Content starts

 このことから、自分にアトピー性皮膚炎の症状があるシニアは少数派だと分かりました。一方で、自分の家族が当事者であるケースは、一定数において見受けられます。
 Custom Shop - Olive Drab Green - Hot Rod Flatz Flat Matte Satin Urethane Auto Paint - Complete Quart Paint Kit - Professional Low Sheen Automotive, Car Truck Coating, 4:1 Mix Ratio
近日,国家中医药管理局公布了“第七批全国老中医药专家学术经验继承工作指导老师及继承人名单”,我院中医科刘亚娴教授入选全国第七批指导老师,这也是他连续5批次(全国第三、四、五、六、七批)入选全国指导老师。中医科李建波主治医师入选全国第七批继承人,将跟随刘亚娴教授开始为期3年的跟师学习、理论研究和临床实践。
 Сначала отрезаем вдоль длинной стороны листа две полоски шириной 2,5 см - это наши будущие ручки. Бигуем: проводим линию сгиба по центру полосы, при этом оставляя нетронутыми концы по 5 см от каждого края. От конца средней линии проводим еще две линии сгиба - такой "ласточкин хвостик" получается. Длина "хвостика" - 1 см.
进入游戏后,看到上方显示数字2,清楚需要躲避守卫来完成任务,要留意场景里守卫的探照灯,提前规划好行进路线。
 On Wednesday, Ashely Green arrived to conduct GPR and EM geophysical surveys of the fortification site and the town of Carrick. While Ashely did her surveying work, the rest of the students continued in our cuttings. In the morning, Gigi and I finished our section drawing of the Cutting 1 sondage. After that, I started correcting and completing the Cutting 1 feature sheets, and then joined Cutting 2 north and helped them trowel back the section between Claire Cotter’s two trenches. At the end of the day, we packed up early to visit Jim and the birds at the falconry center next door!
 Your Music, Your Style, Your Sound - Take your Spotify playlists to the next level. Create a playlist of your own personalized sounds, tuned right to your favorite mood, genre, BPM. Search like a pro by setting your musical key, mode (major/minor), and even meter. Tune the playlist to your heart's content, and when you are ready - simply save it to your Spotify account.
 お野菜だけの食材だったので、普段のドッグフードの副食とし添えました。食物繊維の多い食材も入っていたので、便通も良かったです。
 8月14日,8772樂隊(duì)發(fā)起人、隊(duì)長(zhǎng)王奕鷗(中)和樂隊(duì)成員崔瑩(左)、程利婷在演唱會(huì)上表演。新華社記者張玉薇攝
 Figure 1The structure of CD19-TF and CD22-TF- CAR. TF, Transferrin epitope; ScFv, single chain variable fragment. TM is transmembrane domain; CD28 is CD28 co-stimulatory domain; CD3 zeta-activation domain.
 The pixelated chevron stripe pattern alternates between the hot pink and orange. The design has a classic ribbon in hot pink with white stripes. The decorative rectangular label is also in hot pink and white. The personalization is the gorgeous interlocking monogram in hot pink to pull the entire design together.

Content ends

Problem statement →
Write out exactly the lines of the entries above that run from the line containing "Your Music, Your" through the last line, including both.

Task response →
 Your Music, Your Style, Your Sound - Take your Spotify playlists to the next level. Create a playlist of your own personalized sounds, tuned right to your favorite mood, genre, BPM. Search like a pro by setting your musical key, mode (major/minor), and even meter. Tune the playlist to your heart's content, and when you are ready - simply save it to your Spotify account.
 お野菜だけの食材だったので、普段のドッグフードの副食とし添えました。食物繊維の多い食材も入っていたので、便通も良かったです。
 8月14日,8772樂隊(duì)發(fā)起人、隊(duì)長(zhǎng)王奕鷗(中)和樂隊(duì)成員崔瑩(左)、程利婷在演唱會(huì)上表演。新華社記者張玉薇攝
 Figure 1The structure of CD19-TF and CD22-TF- CAR. TF, Transferrin epitope; ScFv, single chain variable fragment. TM is transmembrane domain; CD28 is CD28 co-stimulatory domain; CD3 zeta-activation domain.
 The pixelated chevron stripe pattern alternates between the hot pink and orange. The design has a classic ribbon in hot pink with white stripes. The decorative rectangular label is also in hot pink and white. The personalization is the gorgeous interlocking monogram in hot pink to pull the entire design together.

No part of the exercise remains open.